Task objective
From the data that follows, set down exactly the lines from the one with "注意事項 | ※サイズは全て外寸になります。" through the one with "только пятый и", counting both. Pictures stay out.

Extracted records
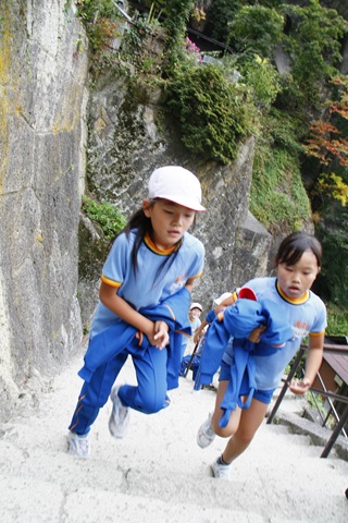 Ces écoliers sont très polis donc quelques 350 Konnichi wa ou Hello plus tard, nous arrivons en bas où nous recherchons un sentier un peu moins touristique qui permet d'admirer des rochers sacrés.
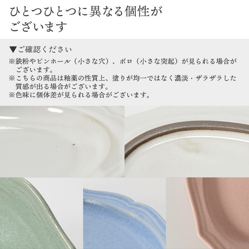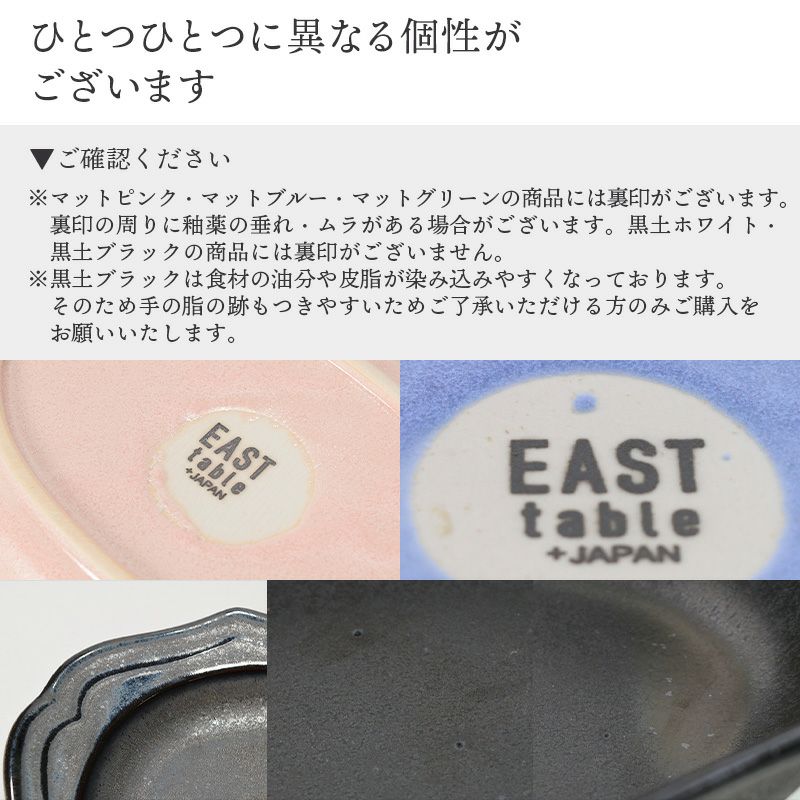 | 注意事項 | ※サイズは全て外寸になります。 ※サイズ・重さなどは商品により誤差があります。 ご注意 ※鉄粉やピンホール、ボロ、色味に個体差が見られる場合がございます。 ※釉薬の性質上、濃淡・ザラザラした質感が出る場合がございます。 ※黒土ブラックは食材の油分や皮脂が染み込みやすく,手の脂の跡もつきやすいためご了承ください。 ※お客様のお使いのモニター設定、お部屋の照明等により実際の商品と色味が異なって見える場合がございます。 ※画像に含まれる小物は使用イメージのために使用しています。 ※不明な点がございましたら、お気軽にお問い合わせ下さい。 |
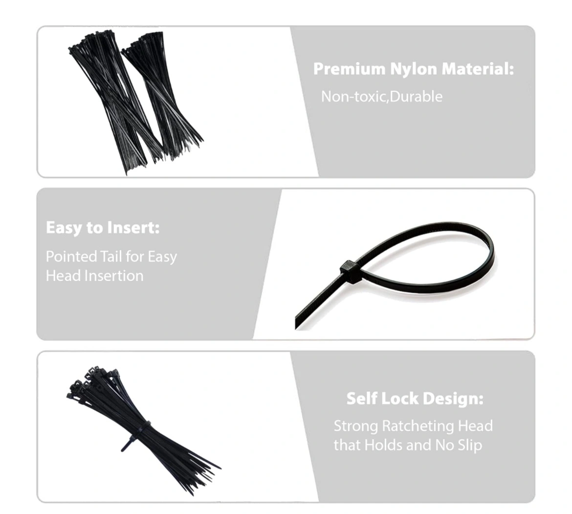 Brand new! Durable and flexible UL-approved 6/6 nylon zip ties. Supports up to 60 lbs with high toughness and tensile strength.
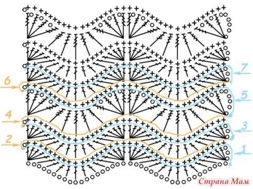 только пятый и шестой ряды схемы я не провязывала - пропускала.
--
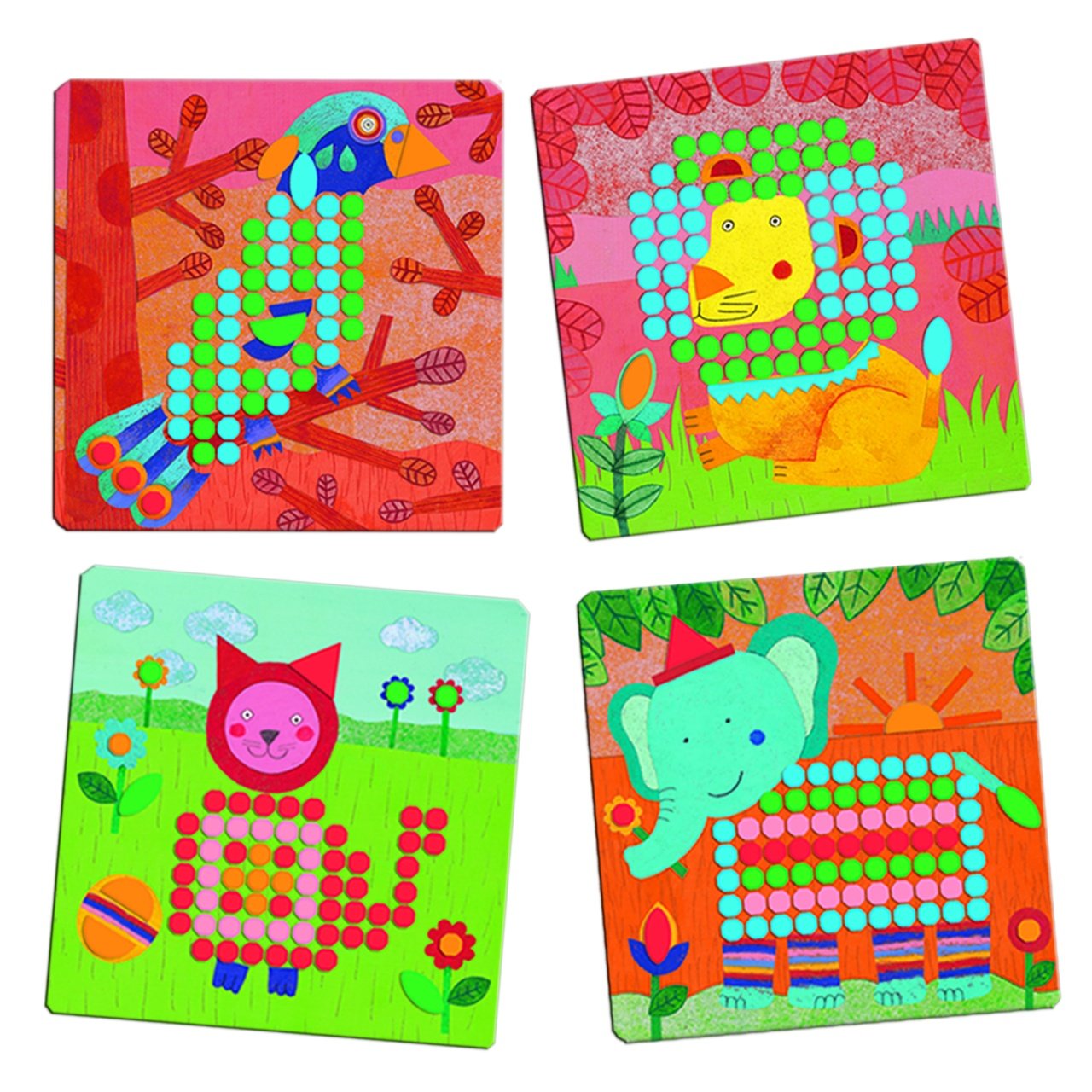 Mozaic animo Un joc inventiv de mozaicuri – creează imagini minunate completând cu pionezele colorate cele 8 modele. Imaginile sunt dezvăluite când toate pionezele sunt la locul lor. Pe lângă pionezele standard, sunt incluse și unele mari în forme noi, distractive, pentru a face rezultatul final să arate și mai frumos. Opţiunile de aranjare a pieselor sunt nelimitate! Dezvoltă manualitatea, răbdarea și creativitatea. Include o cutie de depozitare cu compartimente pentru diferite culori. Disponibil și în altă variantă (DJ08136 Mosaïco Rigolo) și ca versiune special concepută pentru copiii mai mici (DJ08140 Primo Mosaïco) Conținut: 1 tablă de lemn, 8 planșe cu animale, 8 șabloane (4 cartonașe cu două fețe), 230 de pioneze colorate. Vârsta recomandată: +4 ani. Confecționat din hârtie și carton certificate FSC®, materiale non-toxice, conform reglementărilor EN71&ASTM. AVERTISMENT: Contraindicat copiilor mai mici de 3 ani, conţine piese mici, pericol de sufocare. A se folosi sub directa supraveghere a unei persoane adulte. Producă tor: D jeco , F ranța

Result of this exercise
 | 注意事項 | ※サイズは全て外寸になります。 ※サイズ・重さなどは商品により誤差があります。 ご注意 ※鉄粉やピンホール、ボロ、色味に個体差が見られる場合がございます。 ※釉薬の性質上、濃淡・ザラザラした質感が出る場合がございます。 ※黒土ブラックは食材の油分や皮脂が染み込みやすく,手の脂の跡もつきやすいためご了承ください。 ※お客様のお使いのモニター設定、お部屋の照明等により実際の商品と色味が異なって見える場合がございます。 ※画像に含まれる小物は使用イメージのために使用しています。 ※不明な点がございましたら、お気軽にお問い合わせ下さい。 |
 Brand new! Durable and flexible UL-approved 6/6 nylon zip ties. Supports up to 60 lbs with high toughness and tensile strength.
 только пятый и шестой ряды схемы я не провязывала - пропускала.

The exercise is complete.